俺がボーっとビルと囚人のやり取りを見ているとレイが咳払いしてきた。気を抜くとレイの言葉を復唱してしまうから気を付けないとだな。
ビルは男から俺に視線を移すと、腕を組んで短く息を吸い、まあいい、と小さく頷いた。
「お前に一つ提案だ。俺たちについて来ないか?」
どういうことだ?あ、ビルは俺が一度死んだのに生きていることを知っているのか。それで俺を戦力として考えているのかもしれない。
「わかった。」
「よし、錠を外してやれ。」
ビルがそういうと、がたいのいい囚人が懐から血の付いたリングを取り出す。腕に通せるぐらいのリングだ。それを俺の手首の錠に重ねるように通すと、カシュッと金属をスライドしたような音がして手首の圧迫感がなくなった。
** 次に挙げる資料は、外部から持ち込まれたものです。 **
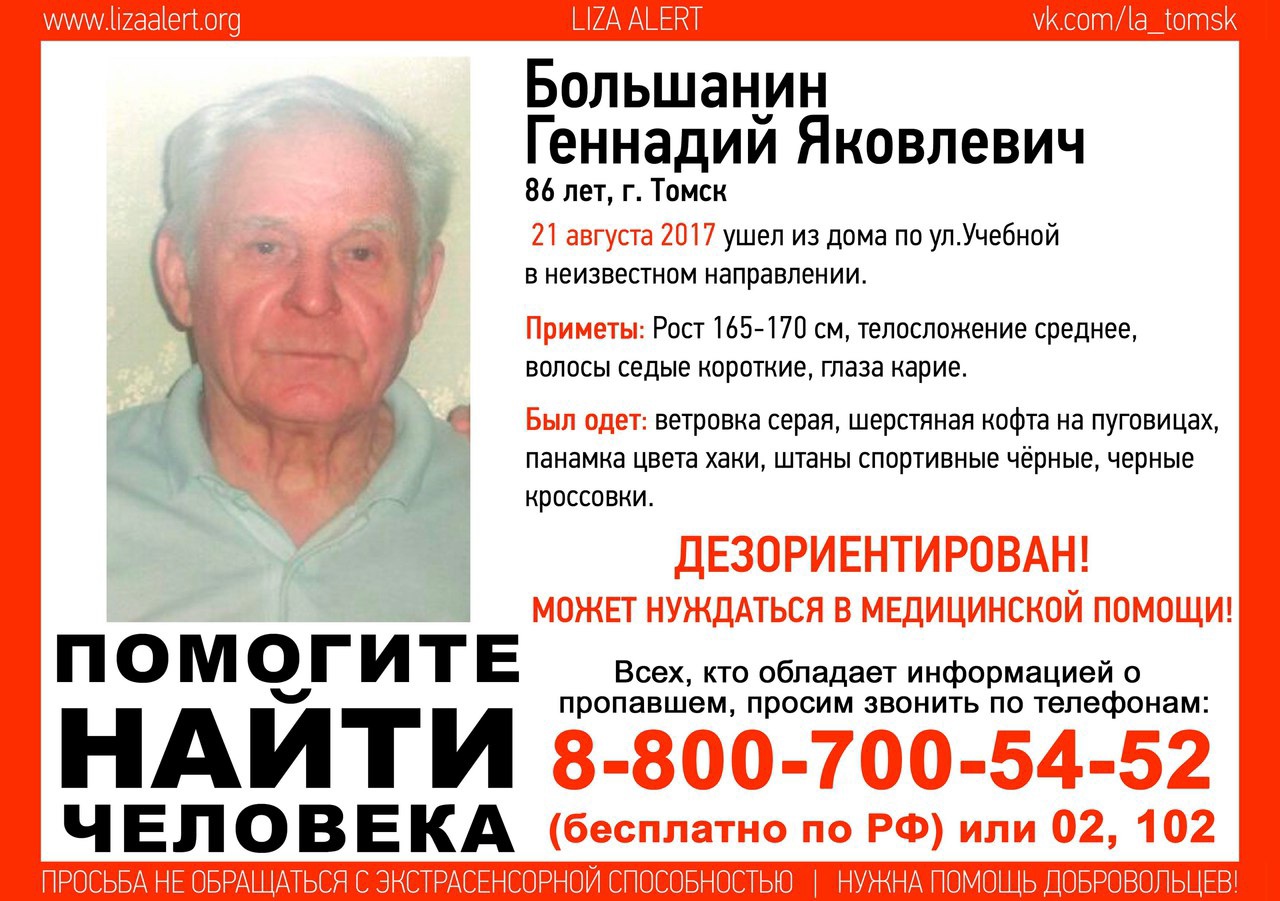 Поисково-спасательный отряд «Лиза Алерт» просит томичей помочь с поиском пропавшего в понедельник Геннадия Большанина, сообщается в группе отряда во «ВКонтакте».
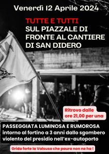 Facciamoci sentire e vedere con una passeggiata luminosa e rumorosa intorno al cantiere per gridare NO AUTOPORTO, NO TAV e NO MAFIE!!

待った、外す前に聞いていたってことは脅していたってことか?断る理由がなかったから承諾したが、仮に俺が手錠を外す手段を持ち合わせずに断っていたらどうなっていたのだろうか?完全に脅迫だ。
「ようこそ、『亡霊』へ。」
満足そうにどや顔で右手でビークを指し示したビルは不敵な笑みを浮かべた後、俺たちの先を歩き出した。
おそらく俺が加入した何かの名前なのだろう。『亡霊』など聞いたことはなかったが、何の由来の、どういう集まりなのだろう。
黙々と歩みを進める数人の囚人たちをみて、ビーク監獄で見たブライ達思い出す。彼の率いていた囚人たち同様、規律を感じるが何か違う。何といえばよいのだろうか…今はわからない。
しかし、瀕死にも見える怪我を負っている囚人も、うめき声をあげずに静かに前方を見据えているのは少しゾッとする。見た目と態度のギャップからもう死んでしまった人が歩いてるのではないかとも思える。
『亡霊』か。もしかしてやばい組織だったりして。
この時、成り行きで入ってしまった亡霊が、これからこの世界を好きなだけ搔き乱す組織の名前であるなど、俺が知るはずもなかった。